■ Task prompt ■
Beginning at the line that contains "日上午,省总和市总工会在经开", reproduce the entries below exactly, ending with the line that contains "Класическа мъжка пижама". Omit each picture.
+--
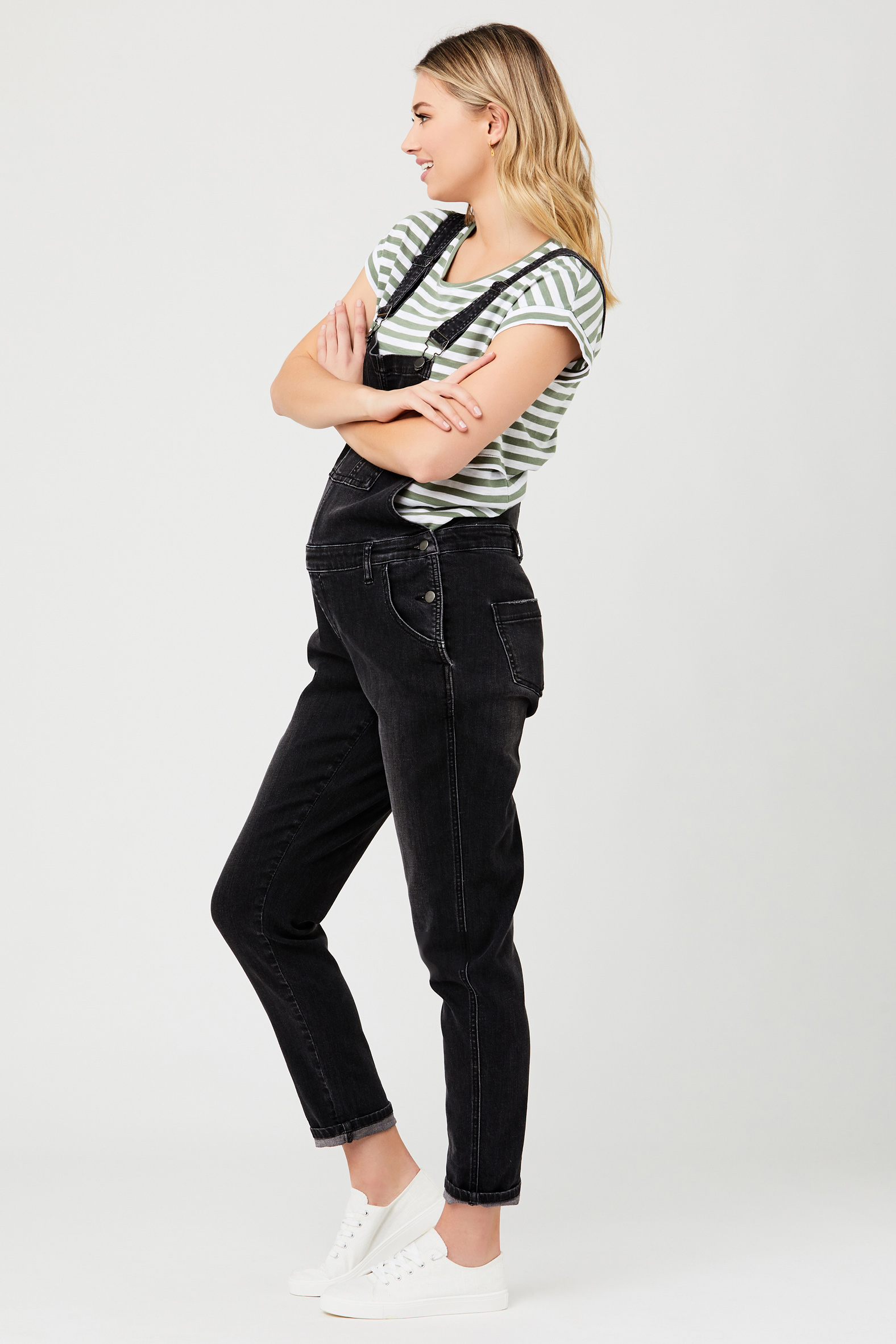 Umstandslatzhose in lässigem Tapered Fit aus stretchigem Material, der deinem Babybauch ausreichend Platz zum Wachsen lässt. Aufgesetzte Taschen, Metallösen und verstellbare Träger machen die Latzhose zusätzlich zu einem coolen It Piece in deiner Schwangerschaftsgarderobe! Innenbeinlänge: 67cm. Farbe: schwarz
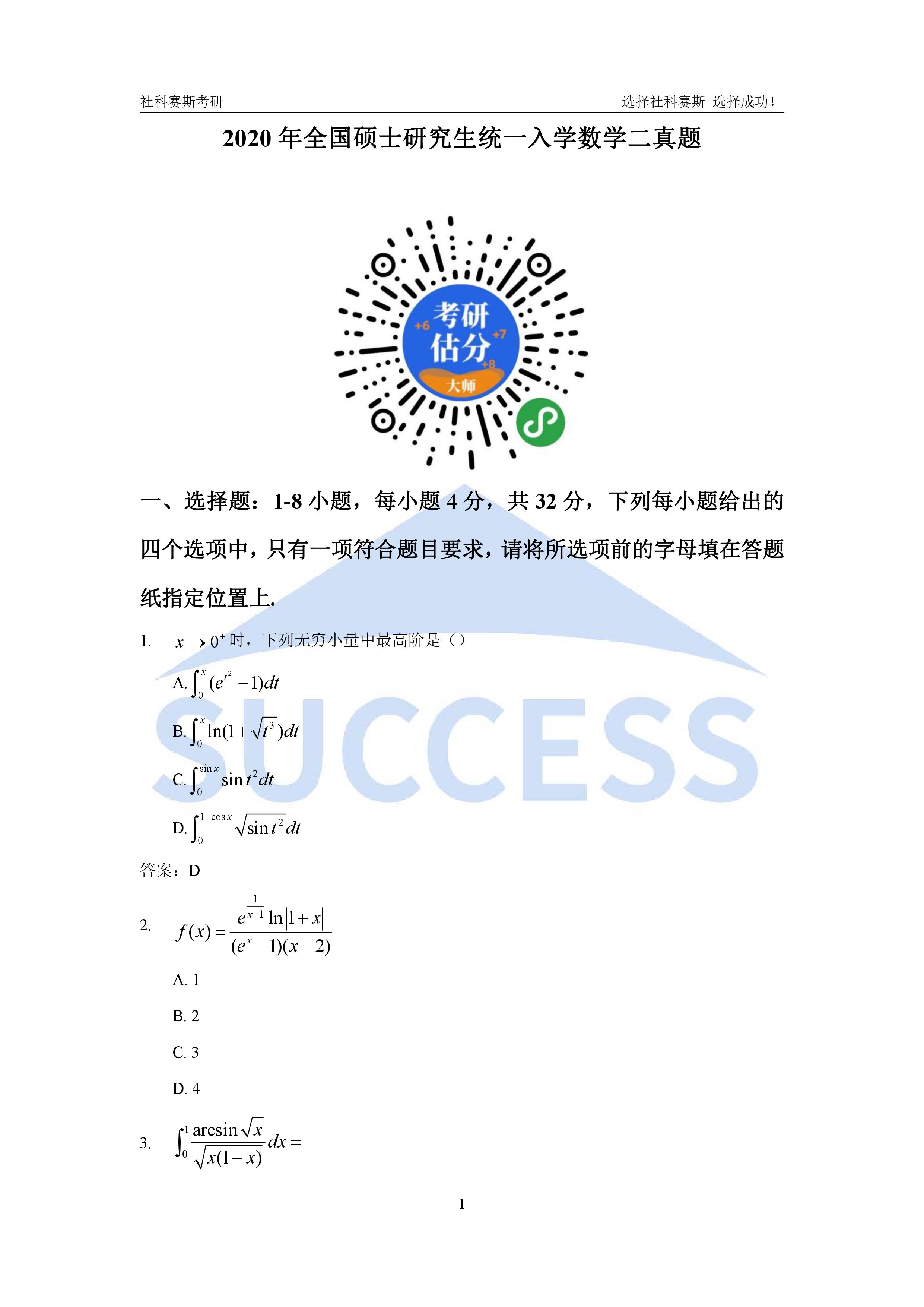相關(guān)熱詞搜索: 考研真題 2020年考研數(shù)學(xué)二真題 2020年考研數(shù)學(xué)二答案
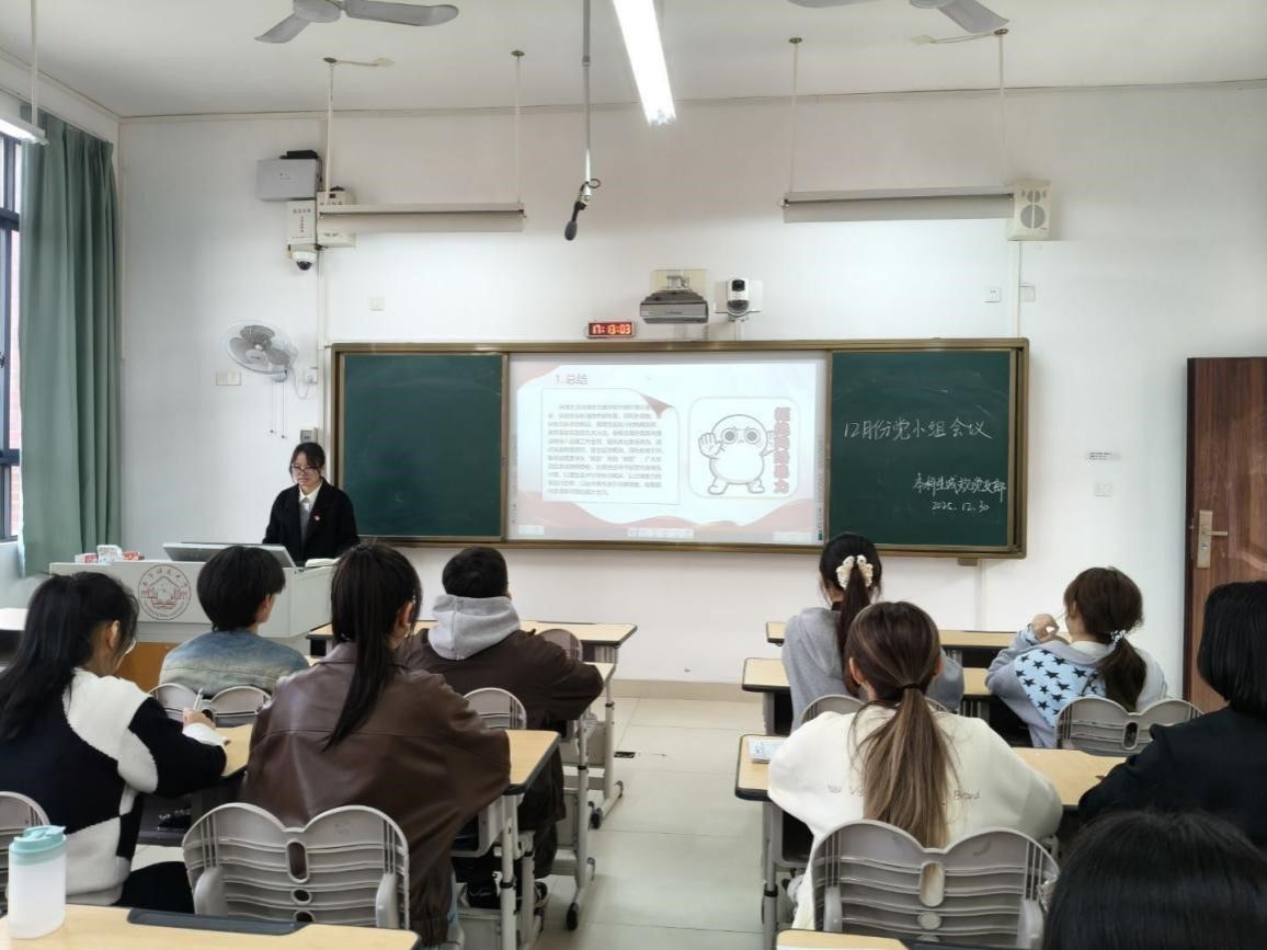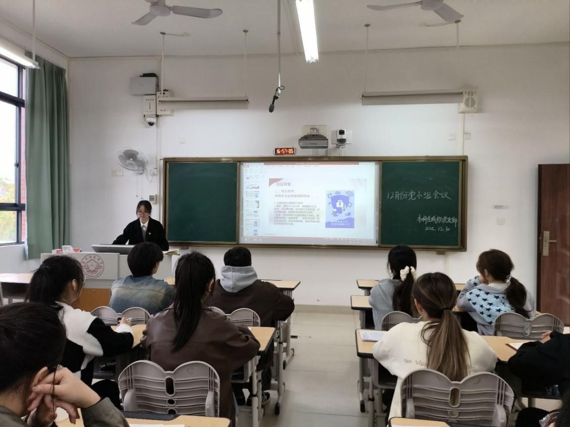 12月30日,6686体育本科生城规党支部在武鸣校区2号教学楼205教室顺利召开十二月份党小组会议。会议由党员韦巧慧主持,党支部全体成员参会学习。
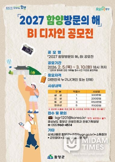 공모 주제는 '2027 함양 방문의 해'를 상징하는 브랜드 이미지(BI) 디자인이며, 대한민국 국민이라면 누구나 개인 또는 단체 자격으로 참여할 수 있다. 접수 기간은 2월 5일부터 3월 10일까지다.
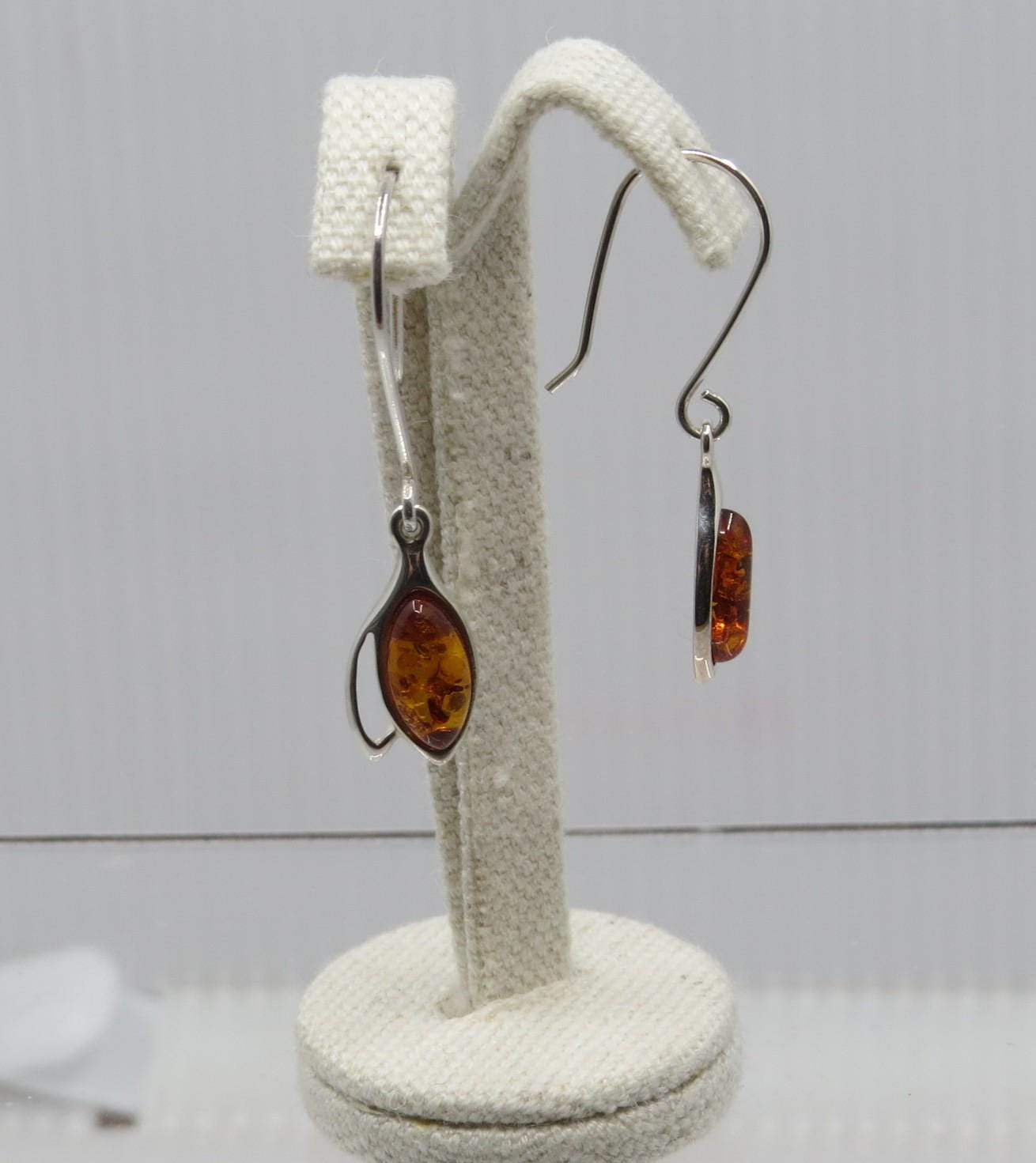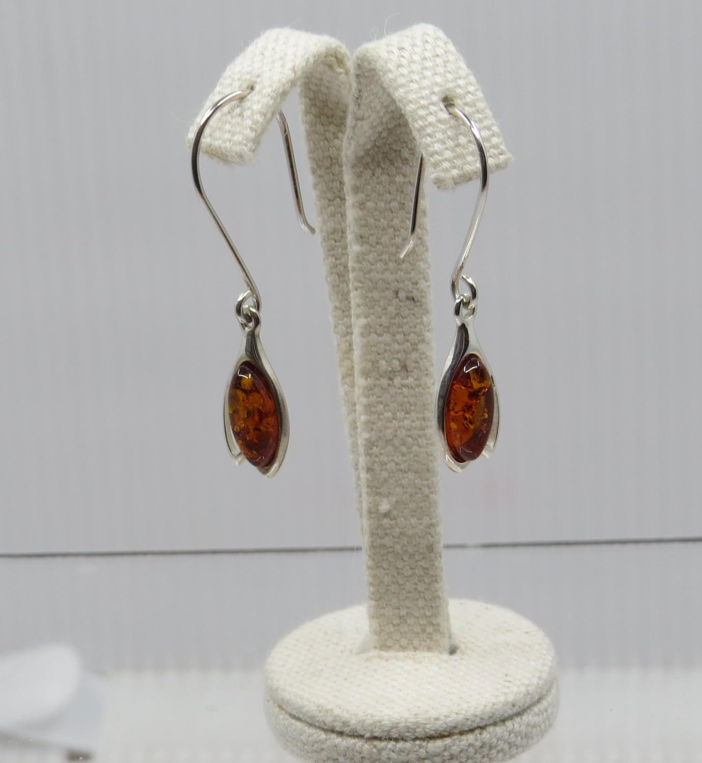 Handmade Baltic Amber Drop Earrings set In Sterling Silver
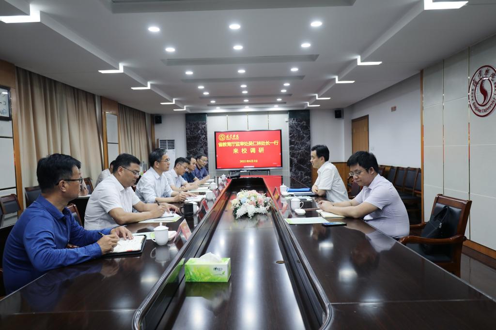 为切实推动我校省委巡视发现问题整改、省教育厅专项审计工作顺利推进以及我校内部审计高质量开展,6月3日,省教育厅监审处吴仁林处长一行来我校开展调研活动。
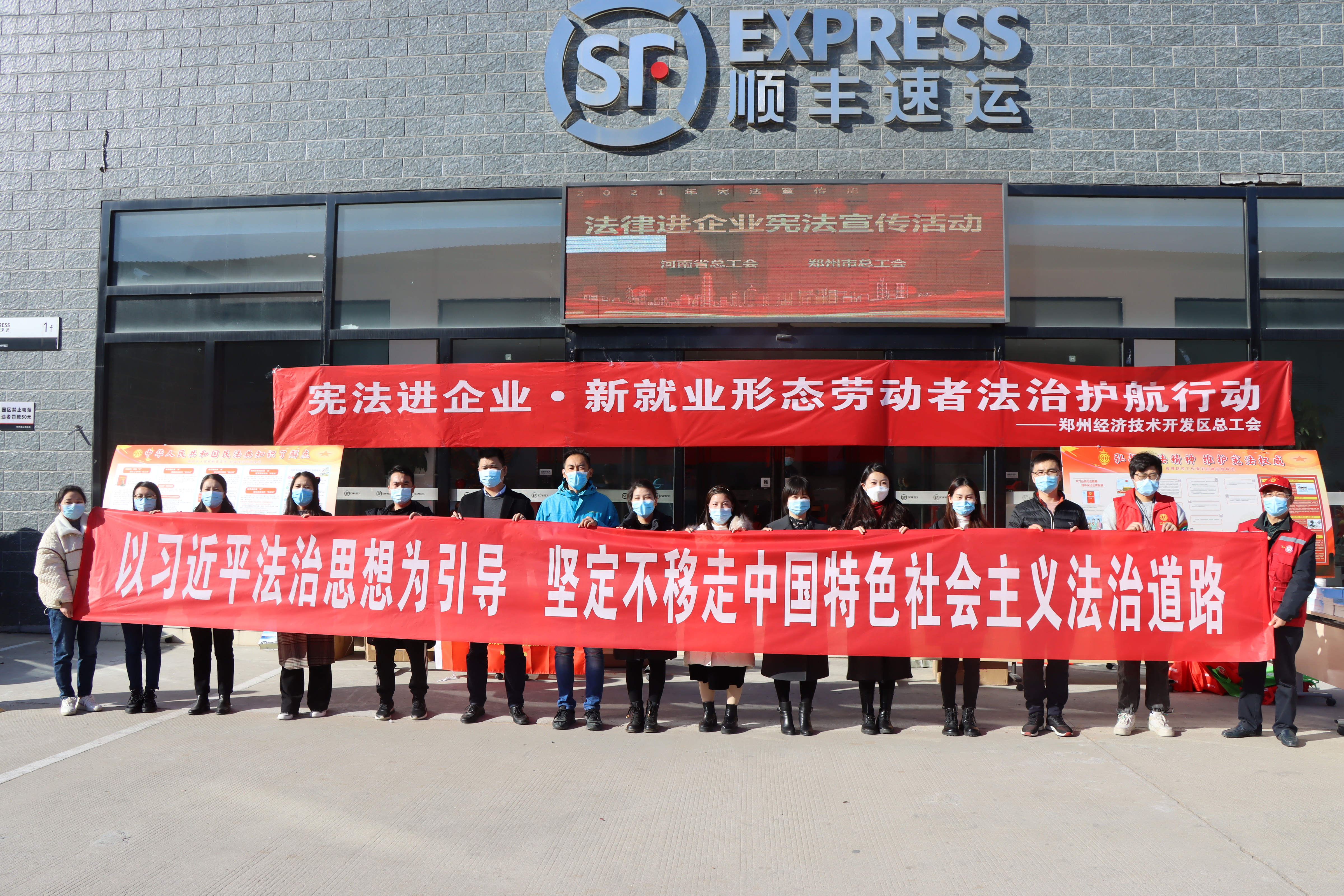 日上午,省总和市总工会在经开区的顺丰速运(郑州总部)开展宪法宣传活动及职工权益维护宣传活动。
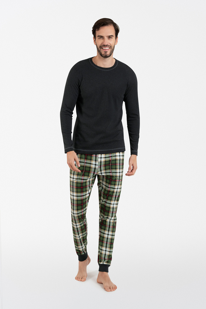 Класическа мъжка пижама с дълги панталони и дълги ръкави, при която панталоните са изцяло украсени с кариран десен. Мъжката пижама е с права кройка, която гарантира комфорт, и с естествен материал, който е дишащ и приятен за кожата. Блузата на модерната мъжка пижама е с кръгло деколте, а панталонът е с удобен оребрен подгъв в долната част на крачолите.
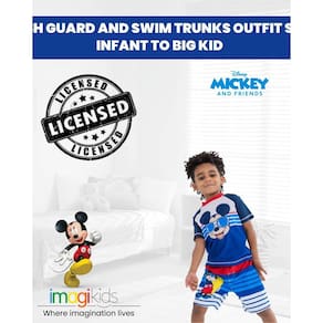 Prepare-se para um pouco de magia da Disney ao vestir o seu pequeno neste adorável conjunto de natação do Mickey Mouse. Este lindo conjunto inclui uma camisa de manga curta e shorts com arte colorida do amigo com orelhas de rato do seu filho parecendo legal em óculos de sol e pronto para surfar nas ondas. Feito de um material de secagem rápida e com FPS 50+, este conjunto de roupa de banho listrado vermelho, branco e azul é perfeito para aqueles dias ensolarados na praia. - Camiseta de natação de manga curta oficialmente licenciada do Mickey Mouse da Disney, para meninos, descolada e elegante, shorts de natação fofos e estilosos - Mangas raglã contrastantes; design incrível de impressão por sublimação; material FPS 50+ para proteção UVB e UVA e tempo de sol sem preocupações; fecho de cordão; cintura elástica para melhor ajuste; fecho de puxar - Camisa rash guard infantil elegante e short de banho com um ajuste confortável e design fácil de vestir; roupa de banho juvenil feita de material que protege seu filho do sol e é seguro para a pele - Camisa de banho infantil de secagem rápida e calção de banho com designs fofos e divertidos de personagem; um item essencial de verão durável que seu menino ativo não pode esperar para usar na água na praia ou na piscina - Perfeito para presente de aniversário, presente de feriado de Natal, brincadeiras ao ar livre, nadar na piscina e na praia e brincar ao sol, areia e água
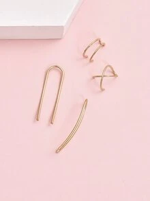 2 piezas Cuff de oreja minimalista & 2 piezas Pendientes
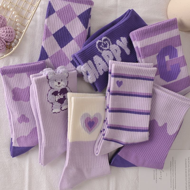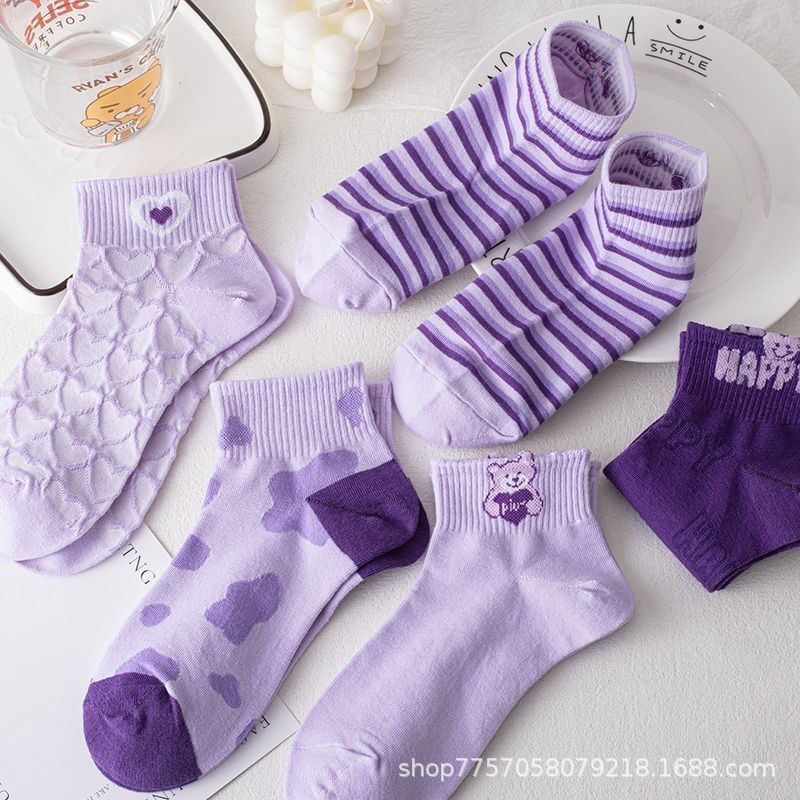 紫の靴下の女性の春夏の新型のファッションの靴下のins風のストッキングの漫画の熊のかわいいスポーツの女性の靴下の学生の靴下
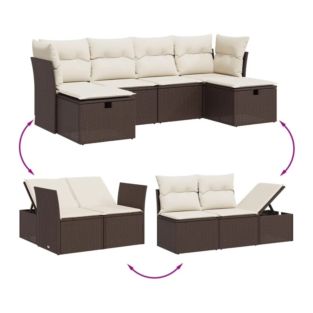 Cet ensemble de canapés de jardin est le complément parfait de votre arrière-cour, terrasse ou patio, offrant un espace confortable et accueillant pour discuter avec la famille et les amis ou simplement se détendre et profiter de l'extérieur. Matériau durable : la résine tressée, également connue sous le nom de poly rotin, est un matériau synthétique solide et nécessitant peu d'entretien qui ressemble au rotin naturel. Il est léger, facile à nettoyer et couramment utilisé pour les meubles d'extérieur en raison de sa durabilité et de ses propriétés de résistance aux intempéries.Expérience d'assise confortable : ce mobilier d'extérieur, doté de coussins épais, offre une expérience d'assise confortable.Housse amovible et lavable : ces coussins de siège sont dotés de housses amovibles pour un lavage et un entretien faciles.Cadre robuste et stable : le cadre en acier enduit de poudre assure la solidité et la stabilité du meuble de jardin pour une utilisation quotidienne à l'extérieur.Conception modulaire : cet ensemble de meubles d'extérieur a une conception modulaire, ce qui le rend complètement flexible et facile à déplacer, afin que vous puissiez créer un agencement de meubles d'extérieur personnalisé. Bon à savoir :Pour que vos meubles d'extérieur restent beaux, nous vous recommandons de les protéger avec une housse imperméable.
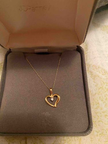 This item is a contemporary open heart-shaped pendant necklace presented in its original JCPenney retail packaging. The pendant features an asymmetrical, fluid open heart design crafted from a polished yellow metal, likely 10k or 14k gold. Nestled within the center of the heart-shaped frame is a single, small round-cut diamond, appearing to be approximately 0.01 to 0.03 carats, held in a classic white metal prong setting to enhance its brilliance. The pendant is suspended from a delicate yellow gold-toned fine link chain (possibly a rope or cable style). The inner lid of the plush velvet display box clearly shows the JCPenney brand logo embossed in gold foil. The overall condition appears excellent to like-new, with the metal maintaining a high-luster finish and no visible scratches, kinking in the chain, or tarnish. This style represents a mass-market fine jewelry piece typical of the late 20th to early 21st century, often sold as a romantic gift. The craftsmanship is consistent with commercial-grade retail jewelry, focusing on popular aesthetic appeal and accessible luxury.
+--
■ Reply to the exercise ■
 日上午,省总和市总工会在经开区的顺丰速运(郑州总部)开展宪法宣传活动及职工权益维护宣传活动。
 Класическа мъжка пижама с дълги панталони и дълги ръкави, при която панталоните са изцяло украсени с кариран десен. Мъжката пижама е с права кройка, която гарантира комфорт, и с естествен материал, който е дишащ и приятен за кожата. Блузата на модерната мъжка пижама е с кръгло деколте, а панталонът е с удобен оребрен подгъв в долната част на крачолите.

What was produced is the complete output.